[Task]:
Transcribe the data exactly. Pictures stay out.

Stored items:
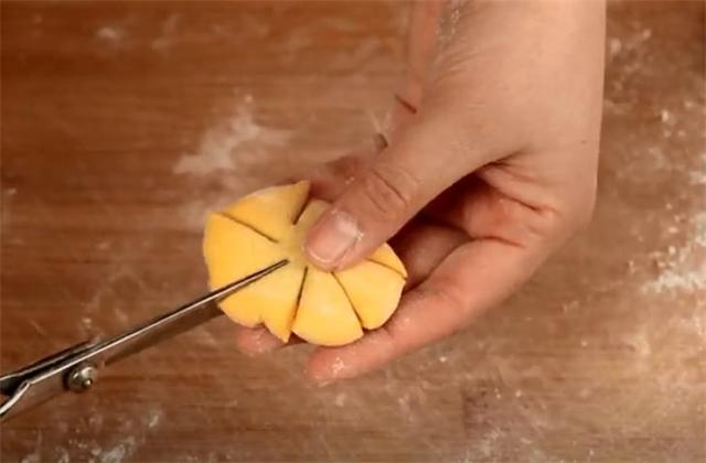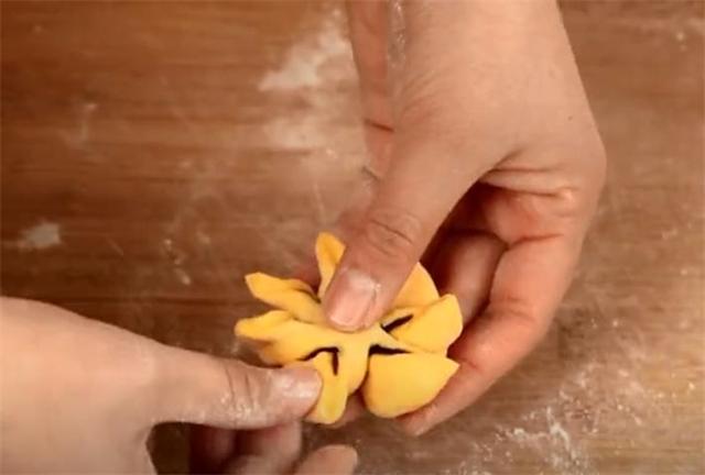 5.把小劑子往下按壓下,搟薄后包上豆沙餡,像包包子一樣包起來(lái)捏緊,用剪刀等距離剪幾刀。
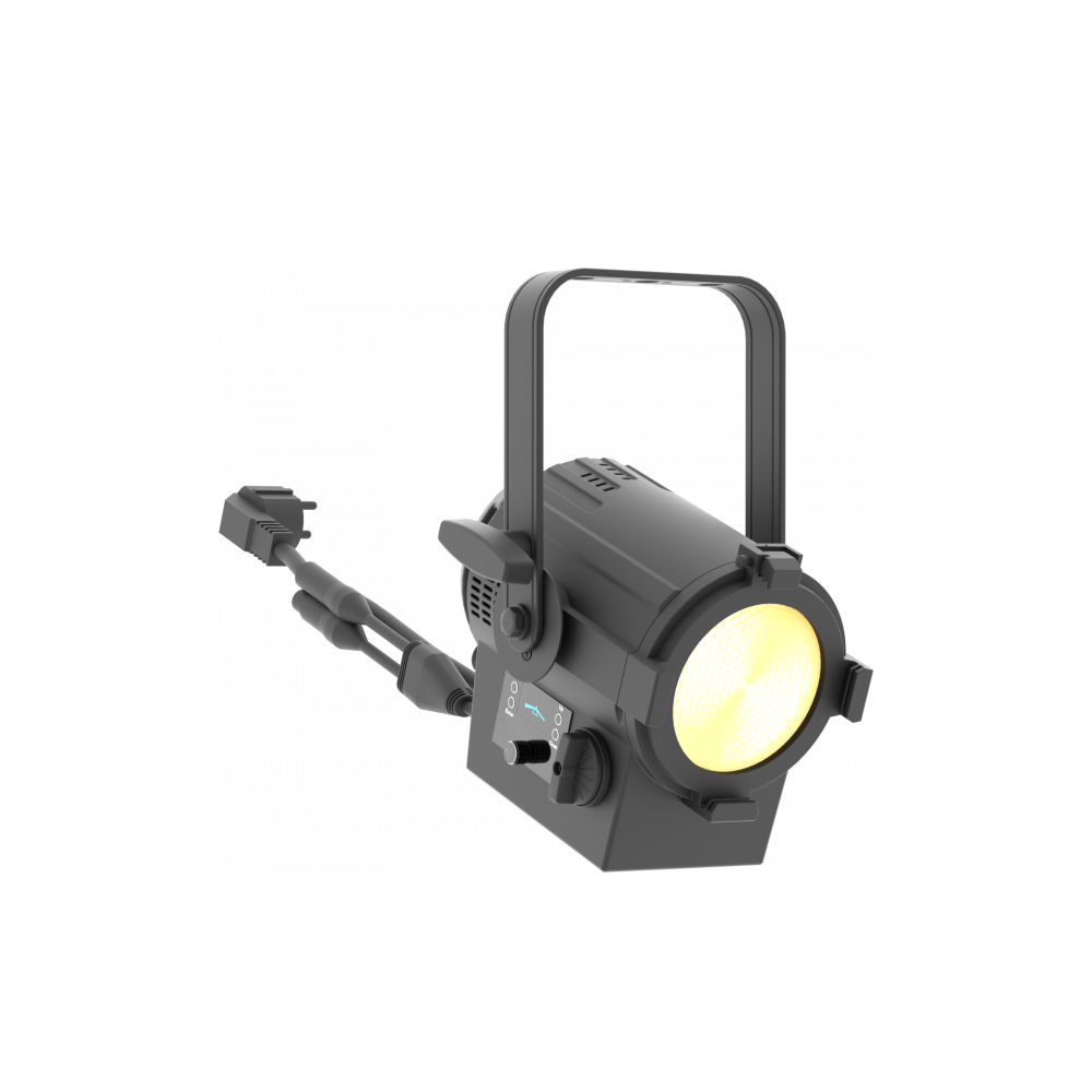 Proyector Fresnel con fuente Led con 38W Blanca Fría para conseguir la luz de un Fresnel de descarga de 100W y gran precisión cromática. CRI >82, T. Flujo de 2.851 lúmenes. Temperatura de color de 3050°K. Diseñado para cubrir las necesidades de un Fresnel con lámpara de descarga de 100W con lente de Ø100mm, con las ventajas de la fuente Led como, regulación de intensidad, durabilidad, estabilidad y su capacidad de proyectar luz blanca de la mayor calidad durante toda la vida del proyector. Zoom manual de 15° a 55° operado por Mando giratorio en el lateral. Dimmer y Shutter con macros pregrabadas con velocidad ajustable con frecuencias PWM seleccionables desde 600Hz a 25kHz. Todas estas características lo hacen ideal para pequeños Sets de Broadcast, Eventos corporativos y Teatro. Visera de 4 palas con 4 aletas (Mariposa) incluida. Protocolo DMX512 y RDM por conectores XLR5 pins In/Out. Control por Knob o 1 / 2-1 / 2-2 / 3 o 5 canales. Sistema de refrigeración pasiva sin ventiladores, siendo totalmente silencioso. Alimentación 100~240 VAC 50/60 Hz por Schuko y cable directo, Consumo máx. 25'1W. IP20. Color del recubrimiento exterior Negro. Dimensiones (WxHxD): 191x281x203 mm. Peso 2'38 Kg.
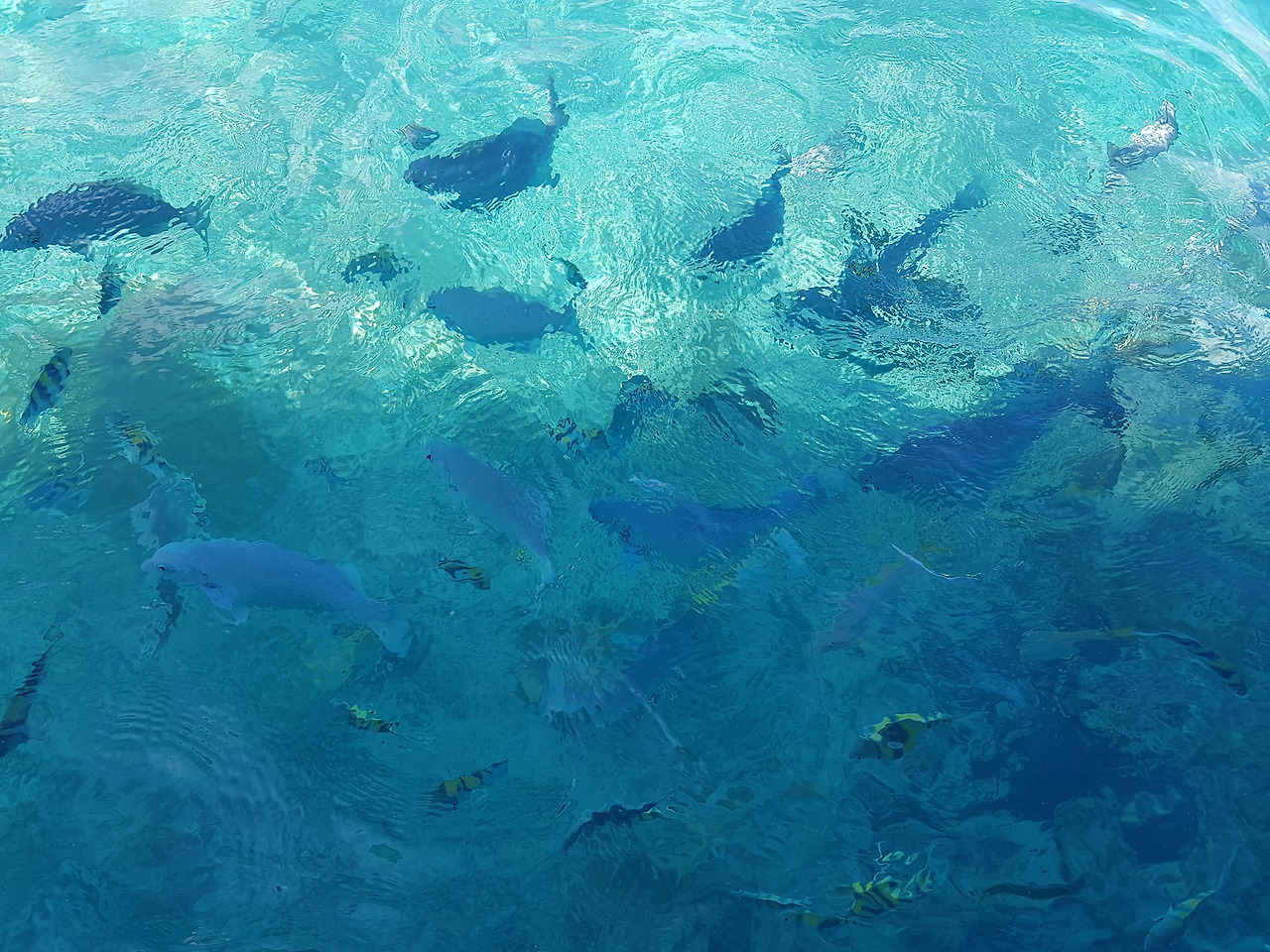 Punta Nizuk(푼타 니죽)이라는 곳에 다녀왔다. 참치만 한 무지갯빛 물고기부터 총천연색 열대어들을 실컷 구경할 수 있었다. 필리핀에서 스노클링 하면서 물고기가 너무 없어 실망한 기억이 있는데 이곳은 산호가 많아 좋은 서식환경이 조성되어 있는 덕분에 하와이만큼이나 물고기들이 풍부하고 다양했다. 스노클링이 익숙지 않은 아들은 다른 외국 아이와 선상에서 놀면서 빵조각을 던지며 몰려드는 물고기들 구경에 신이 났다.
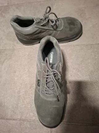 Botas de trabajo de la marca Ofma en color gris. Son cómodas y resistentes. Zapatillas de seguridad - Material exterior de ante. - Cierre con cordones. - Suela de goma. - Diseño con perforaciones.
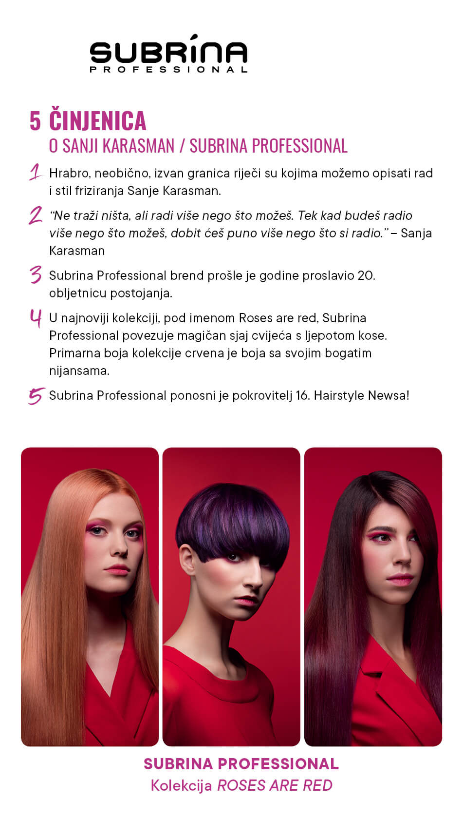 Povodom njihova nastupa na Hairstyle Newsu predstavljamo kratki intervju sa Sanjom Karasman, Subrina Professional kreativnom direktoricom. U nastavku doznajte što je s nama podijelila, a u nedjelju, 7.4.2019. upoznajte se s Roses are red kolekcijom koja dokazuje da je 2019. zaista godina boja!

[Exercise answer]:
 5.把小劑子往下按壓下,搟薄后包上豆沙餡,像包包子一樣包起來(lái)捏緊,用剪刀等距離剪幾刀。
 Proyector Fresnel con fuente Led con 38W Blanca Fría para conseguir la luz de un Fresnel de descarga de 100W y gran precisión cromática. CRI >82, T. Flujo de 2.851 lúmenes. Temperatura de color de 3050°K. Diseñado para cubrir las necesidades de un Fresnel con lámpara de descarga de 100W con lente de Ø100mm, con las ventajas de la fuente Led como, regulación de intensidad, durabilidad, estabilidad y su capacidad de proyectar luz blanca de la mayor calidad durante toda la vida del proyector. Zoom manual de 15° a 55° operado por Mando giratorio en el lateral. Dimmer y Shutter con macros pregrabadas con velocidad ajustable con frecuencias PWM seleccionables desde 600Hz a 25kHz. Todas estas características lo hacen ideal para pequeños Sets de Broadcast, Eventos corporativos y Teatro. Visera de 4 palas con 4 aletas (Mariposa) incluida. Protocolo DMX512 y RDM por conectores XLR5 pins In/Out. Control por Knob o 1 / 2-1 / 2-2 / 3 o 5 canales. Sistema de refrigeración pasiva sin ventiladores, siendo totalmente silencioso. Alimentación 100~240 VAC 50/60 Hz por Schuko y cable directo, Consumo máx. 25'1W. IP20. Color del recubrimiento exterior Negro. Dimensiones (WxHxD): 191x281x203 mm. Peso 2'38 Kg.
 Punta Nizuk(푼타 니죽)이라는 곳에 다녀왔다. 참치만 한 무지갯빛 물고기부터 총천연색 열대어들을 실컷 구경할 수 있었다. 필리핀에서 스노클링 하면서 물고기가 너무 없어 실망한 기억이 있는데 이곳은 산호가 많아 좋은 서식환경이 조성되어 있는 덕분에 하와이만큼이나 물고기들이 풍부하고 다양했다. 스노클링이 익숙지 않은 아들은 다른 외국 아이와 선상에서 놀면서 빵조각을 던지며 몰려드는 물고기들 구경에 신이 났다.
 Botas de trabajo de la marca Ofma en color gris. Son cómodas y resistentes. Zapatillas de seguridad - Material exterior de ante. - Cierre con cordones. - Suela de goma. - Diseño con perforaciones.
 Povodom njihova nastupa na Hairstyle Newsu predstavljamo kratki intervju sa Sanjom Karasman, Subrina Professional kreativnom direktoricom. U nastavku doznajte što je s nama podijelila, a u nedjelju, 7.4.2019. upoznajte se s Roses are red kolekcijom koja dokazuje da je 2019. zaista godina boja!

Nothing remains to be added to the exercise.